Not sure I understand the problem that is being solved. Is something wrong with 20% earning on locking up some HBD with a 3 day withdrawal. As-Is works and 3 day is relatively liquid to me. I am concern about the risks of making bonds available and creating a platform that is more or less a lending and investment institution.

I don't want to see this ecosystem evolving into a bank for capitalist.

Also, is there any consideration about how a change may impact an interpretaion from tax collectors? Obviously there are different interpretation depending on the country we live in. As-Is works for me as a business owner in Canada.

Adding financial complexity may just be a reason to stay away from a Hive community.

What you've said here makes great sense, and I expect the video to repeat that sense.

"...literally anyone can Hive can extract value..."

That does not make sense to me. I am sure it's just a typo, but I am unable to ascertain what you did mean to write.

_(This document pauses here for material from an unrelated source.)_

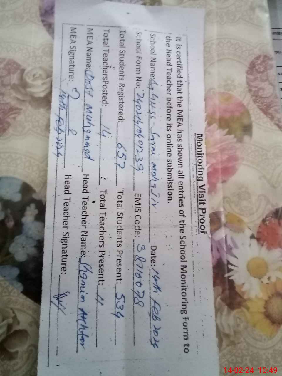 | EMIS Code: 38110078 | Name of School: GGHSS SARAI MUHAJAR | |||
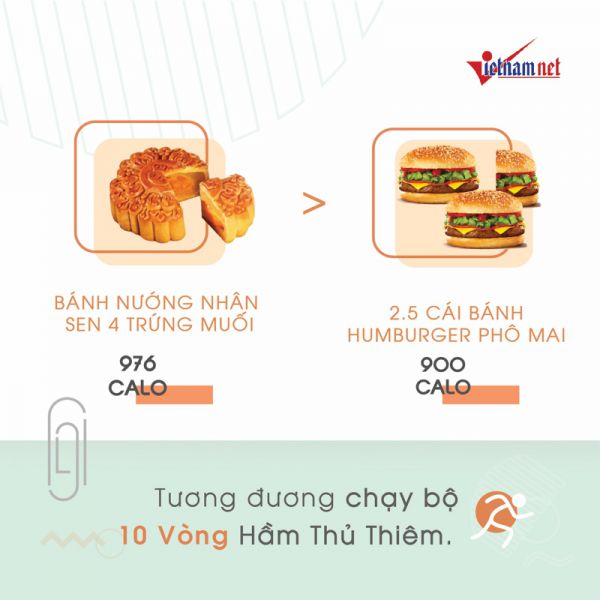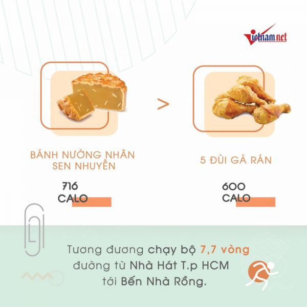 Ai cũng biết thức ăn nhanh gây béo nhiều như thế nào. Vậy mà chỉ ăn 1 chiếc bánh nướng nhân sen 4 trứng muối đã lên cân như vừa ăn 2,5 chiếc hamburger rồi! Với lượng calo khủng như vậy, lên tinh thần chạy 10 vòng Hầm Thủ Thiêm từ bây giờ cũng không muộn.

I keep a little HBD in savings, specifically for the 20% return. The three day timelock is a risk, and a lot can happen in three days that might make my assumption of that risk a losing proposition. However, if the timelock on HBD savings increases substantially, I will not keep HBD in savings, because much greater risk than three days isn't tolerable to me. Three days is already a lot, because so much can happen in three days, particularly in crypto.

As far as bonds go, I will have to assess the risks and timelocks as they are presented and make determinations based on specifics. I used to buy my kids savings bonds to help pay for their college, but they decided they preferred teaching themselves what they needed to know and spent their savings bonds on hookers and blow, for all I know, so I'm not buying them anymore bonds. I'm not a bond investor as a rule, because such investments require confidence in the underlying financial system, and I have very little.

Rice I believe in.

Thanks!

When the decentralized Hive network takes a loan in the form of a bond it creates demand for our debt. This liquidity event only does one thing: increase the price of Hive. Meaning anyone can sell Hive at the higher price and extract value from the loan we all collectively just took.

My brain was mush when I wrote this so should say

literally anyone with Hive can extract value

The point I was getting at is that if the bonding system is consistent and not intelligent then it may not help the network as much as it could. For example, Hive doesn't need to take out loans after the price has gone 10x, but a bonding system might just pump them out automatically on a schedule.